Upon his arrival at the American Museum of Natural History, Dowling launched a project to index herpetological publications. In 1972, Dowling also began teaching at New York University. Dowling's work attracted funding from the National Science Foundation (NSF), which recognized the potential of his research and his work in herpetology. Initially, grants supported his HISS project. HISS was a journal (published 1968–1974) focused on organizing herpetological data into a user-friendly format, allowing scientists to quickly find relevant research and references. This work was done on the eve of the data revolution brought about by computers, and this digest of data was essential for researchers. Under Dowling's guidance, HISS was not simply about collecting data; it was about envisioning the needs of modern researchers, and made AMNH a global hub for herpetology.

In 1975, when Dowling joined the faculty of NYU, he employed his own philosophy in teaching herpetology. Each spring, he led students on immersive field trips along the East Coast, allowing them to observe and study species they could not see in New York.
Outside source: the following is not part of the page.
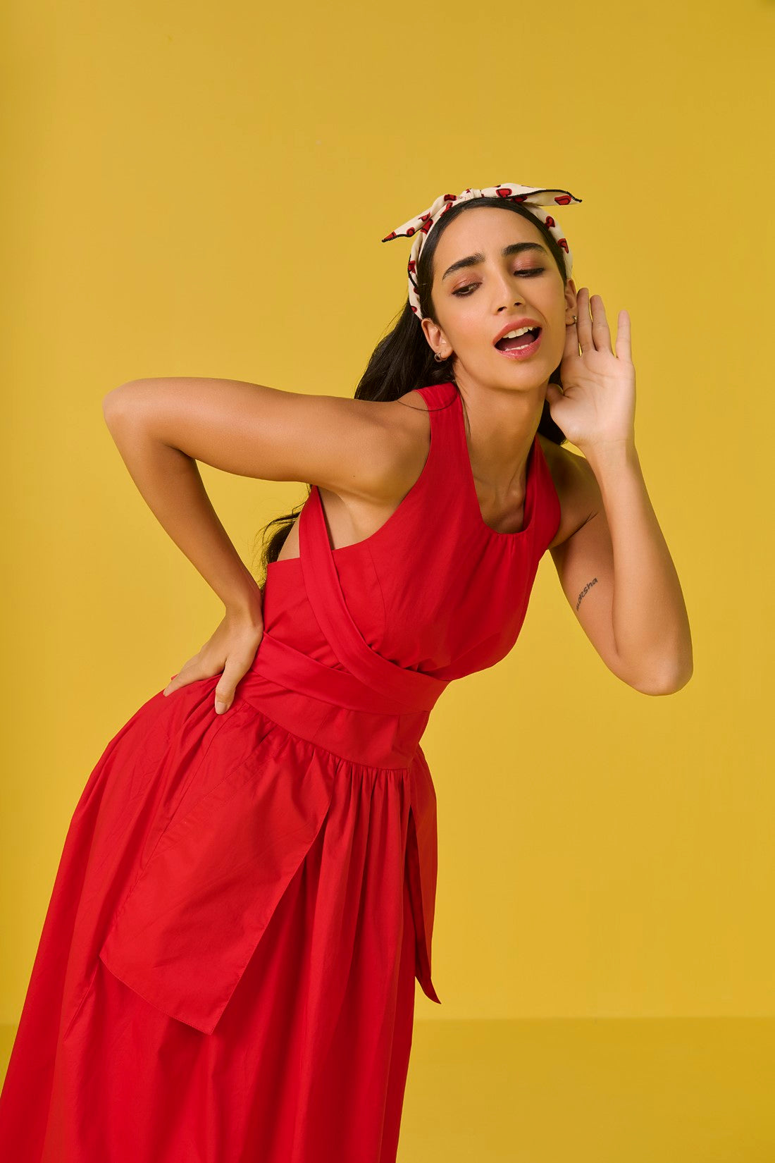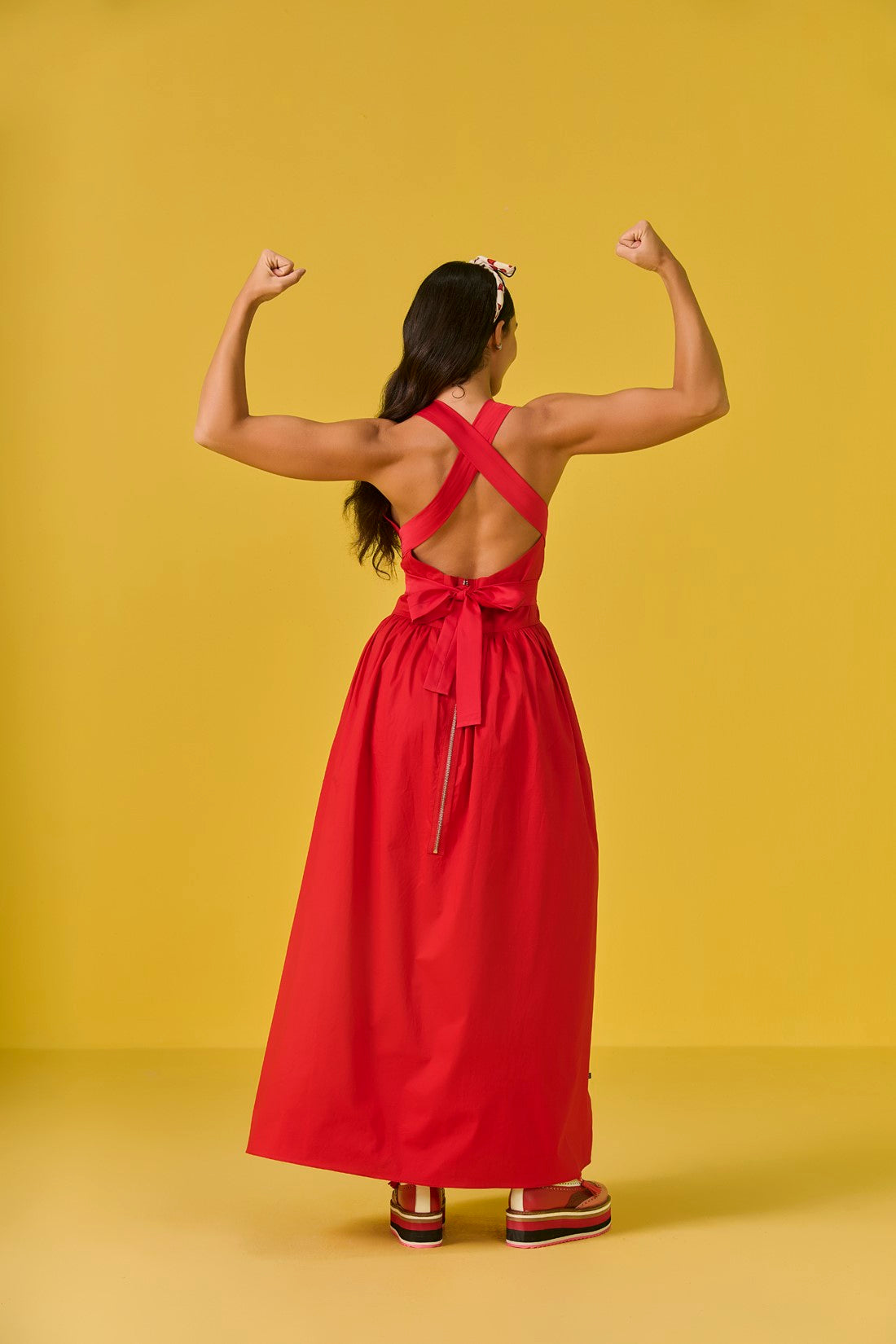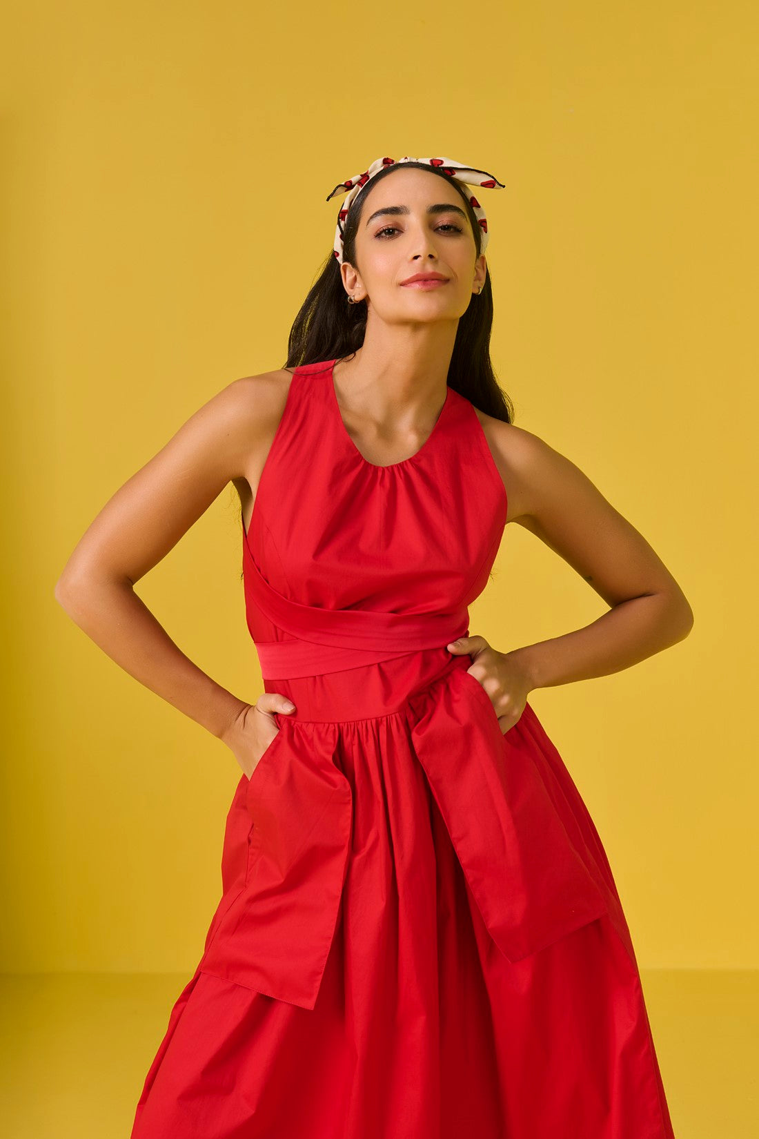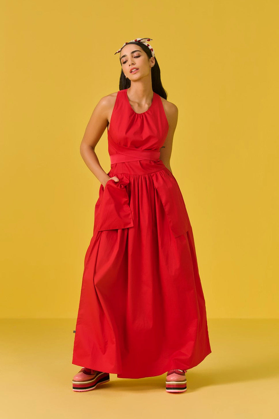 With a sleek backless design, this dress brings in drama from behind, with long tie-up straps at the neckline- you can style the dress your way. The dress has inverted pockets that boldly hang on the outside, flipping the script on ‘functional fashion’ with a playful twist.

His field trips became a fixture of his herpetology education, and his group of students—endearingly known as "Dowling's Angels"—included future leaders in biology.

In collaboration with herpetologist Bill Duellman, Dowling developed Systematic Herpetology, a reference still used in the field. In addition to the Systematic Herpetology project, he worked on herpetological publications with grants from NSF.

== Retirement and legacy ==
Dowling retired in 1991 and became a professor emeritus at NYU.
While retired, Dowling moved back to his home state of Alabama where he continued to teach, research and publish. He maintained Dowling House, in Port Maria, Jamaica, where research scientists were frequent guests.

In 2015, his papers were donated to the Western Connecticut State University Archives where they are curated by Dowling's former student and colleague, Dr. Theodora Pinou.